The input:
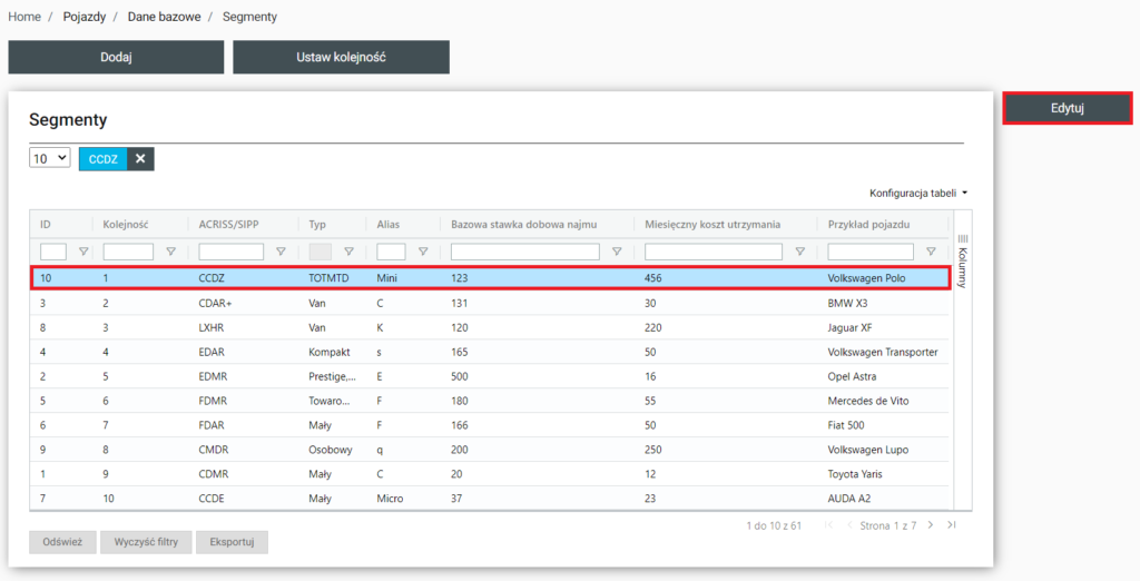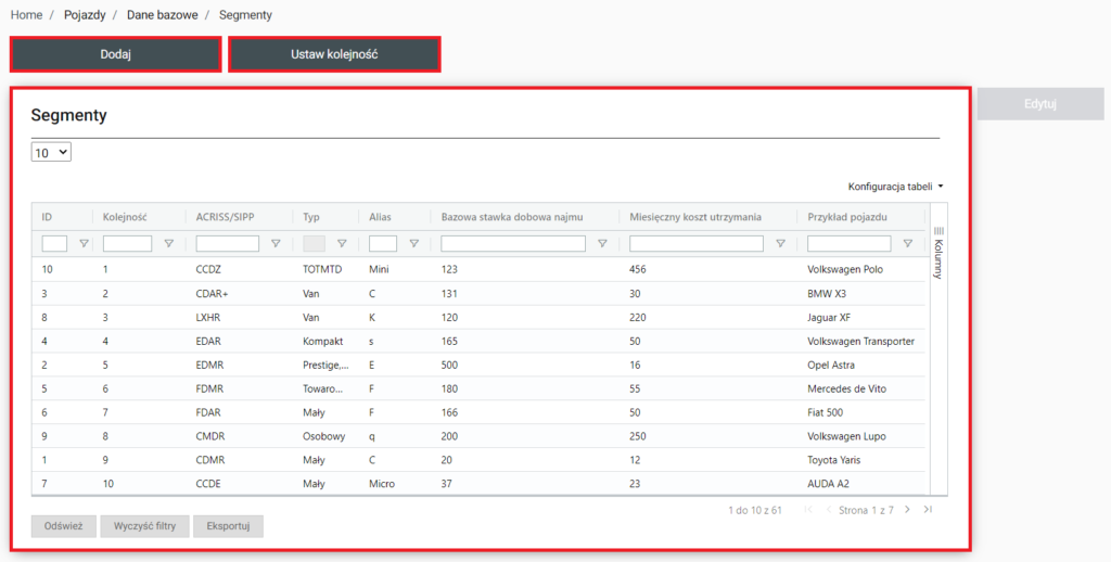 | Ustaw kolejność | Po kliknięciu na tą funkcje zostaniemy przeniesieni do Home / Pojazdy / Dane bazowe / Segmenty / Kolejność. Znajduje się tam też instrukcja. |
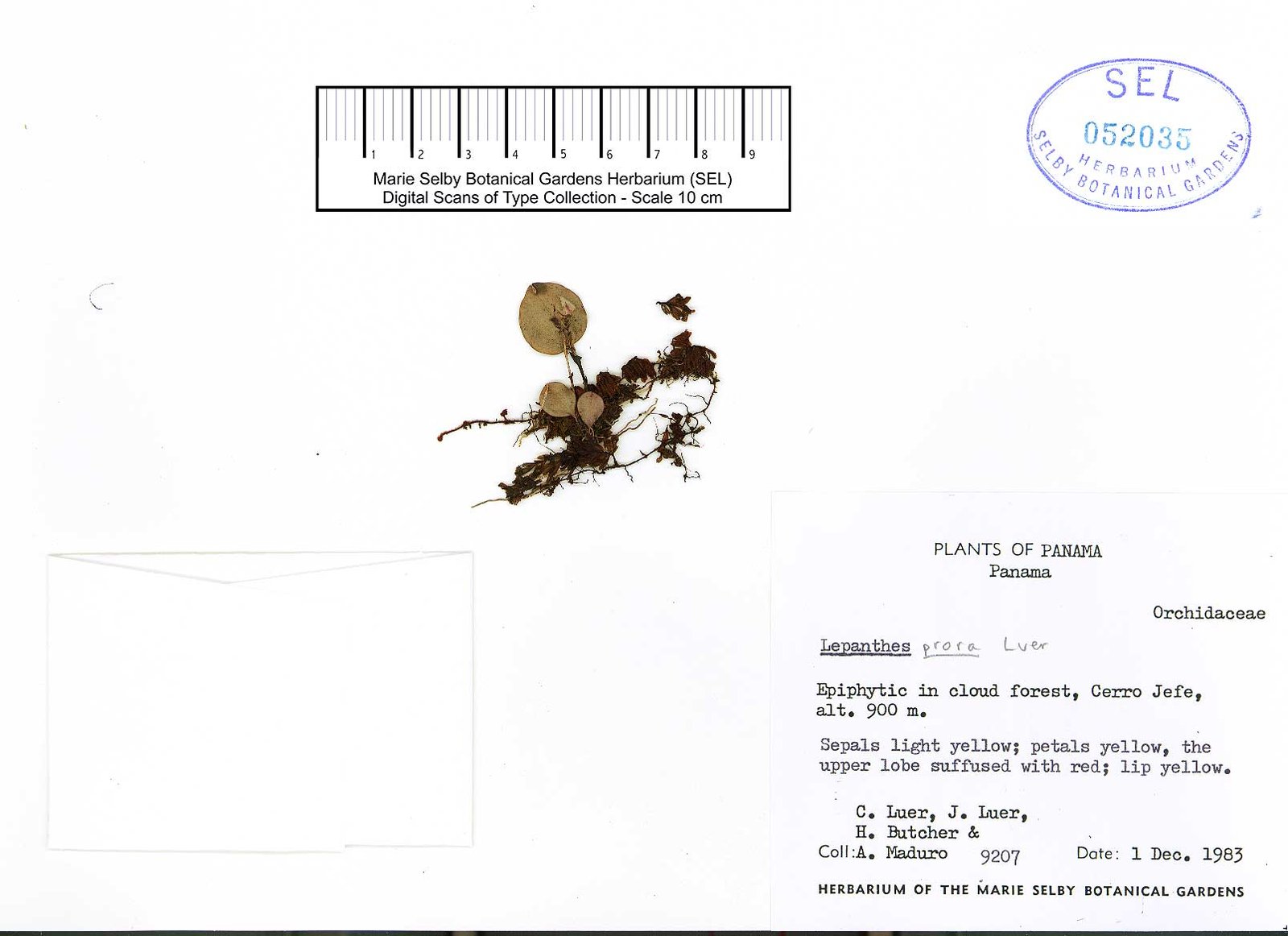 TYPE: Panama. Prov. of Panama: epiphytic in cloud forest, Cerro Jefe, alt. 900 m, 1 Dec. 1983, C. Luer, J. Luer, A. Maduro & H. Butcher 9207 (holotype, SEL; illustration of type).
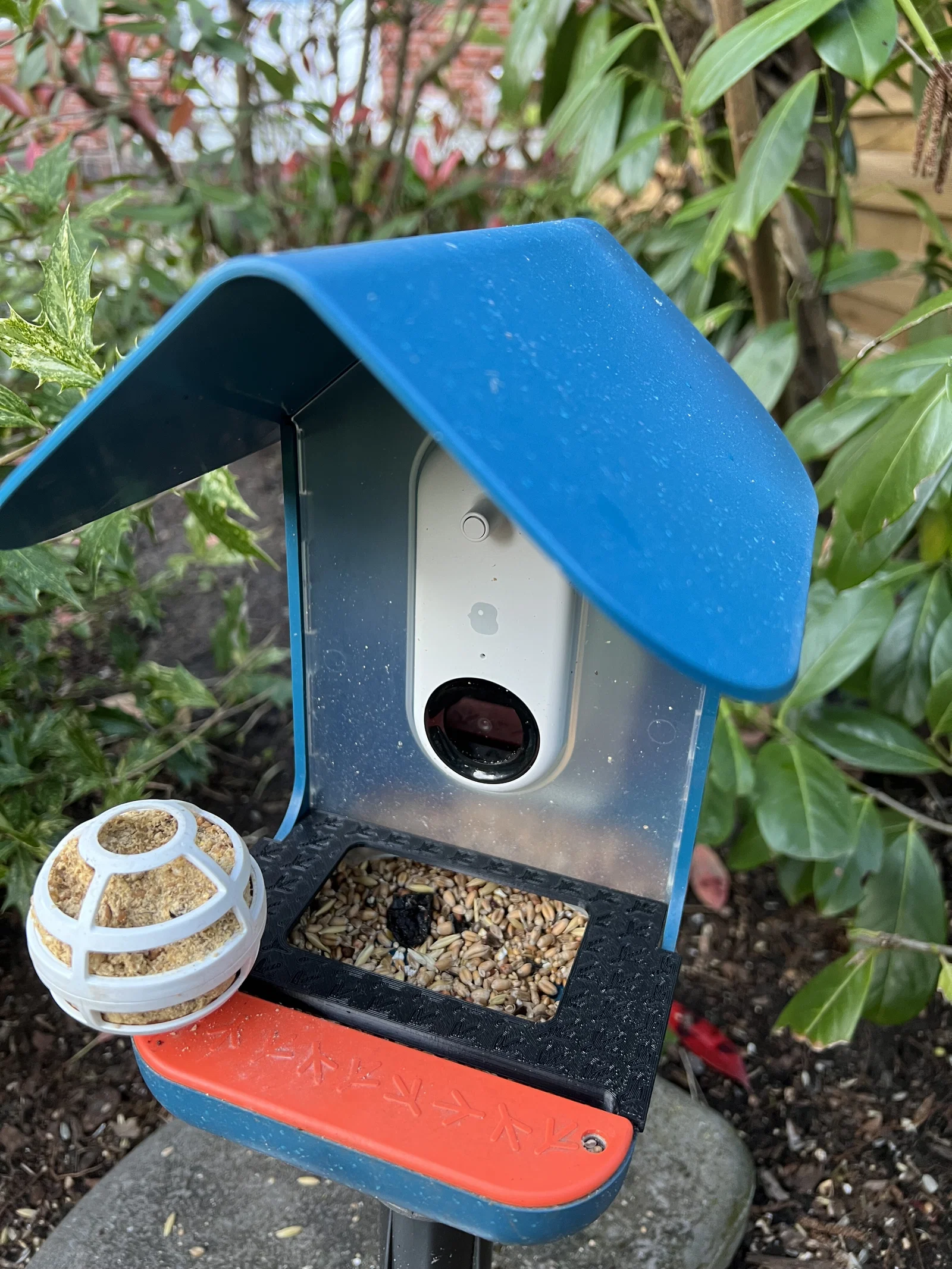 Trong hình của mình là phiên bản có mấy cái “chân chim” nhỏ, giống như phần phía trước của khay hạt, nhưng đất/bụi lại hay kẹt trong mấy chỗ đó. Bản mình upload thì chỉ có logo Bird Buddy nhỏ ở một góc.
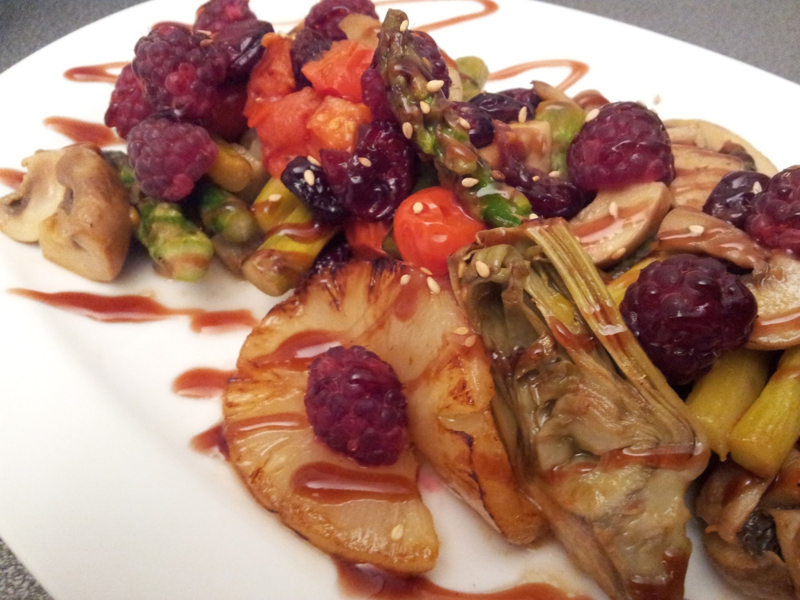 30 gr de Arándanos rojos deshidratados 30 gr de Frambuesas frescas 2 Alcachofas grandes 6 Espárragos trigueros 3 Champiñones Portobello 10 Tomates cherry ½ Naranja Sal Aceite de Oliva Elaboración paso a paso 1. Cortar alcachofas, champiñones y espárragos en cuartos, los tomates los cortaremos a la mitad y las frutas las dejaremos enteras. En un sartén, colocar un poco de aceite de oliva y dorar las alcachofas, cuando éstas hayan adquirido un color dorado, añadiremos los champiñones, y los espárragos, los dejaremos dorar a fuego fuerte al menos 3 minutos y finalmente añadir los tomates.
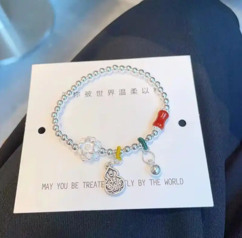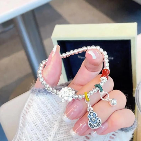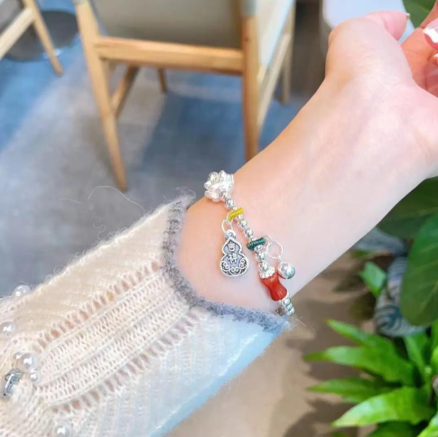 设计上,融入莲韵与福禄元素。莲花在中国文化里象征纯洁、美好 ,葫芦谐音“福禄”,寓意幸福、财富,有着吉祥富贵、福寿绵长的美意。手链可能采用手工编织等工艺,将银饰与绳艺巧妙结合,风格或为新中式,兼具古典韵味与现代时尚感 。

Your assignment: Repeat, exactly and only, the lines from the one containing "Trong hình của" through the final line of the data, both ends included, leaving out any picture.

Your response:
 Trong hình của mình là phiên bản có mấy cái “chân chim” nhỏ, giống như phần phía trước của khay hạt, nhưng đất/bụi lại hay kẹt trong mấy chỗ đó. Bản mình upload thì chỉ có logo Bird Buddy nhỏ ở một góc.
 30 gr de Arándanos rojos deshidratados 30 gr de Frambuesas frescas 2 Alcachofas grandes 6 Espárragos trigueros 3 Champiñones Portobello 10 Tomates cherry ½ Naranja Sal Aceite de Oliva Elaboración paso a paso 1. Cortar alcachofas, champiñones y espárragos en cuartos, los tomates los cortaremos a la mitad y las frutas las dejaremos enteras. En un sartén, colocar un poco de aceite de oliva y dorar las alcachofas, cuando éstas hayan adquirido un color dorado, añadiremos los champiñones, y los espárragos, los dejaremos dorar a fuego fuerte al menos 3 minutos y finalmente añadir los tomates.
 设计上,融入莲韵与福禄元素。莲花在中国文化里象征纯洁、美好 ,葫芦谐音“福禄”,寓意幸福、财富,有着吉祥富贵、福寿绵长的美意。手链可能采用手工编织等工艺,将银饰与绳艺巧妙结合,风格或为新中式,兼具古典韵味与现代时尚感 。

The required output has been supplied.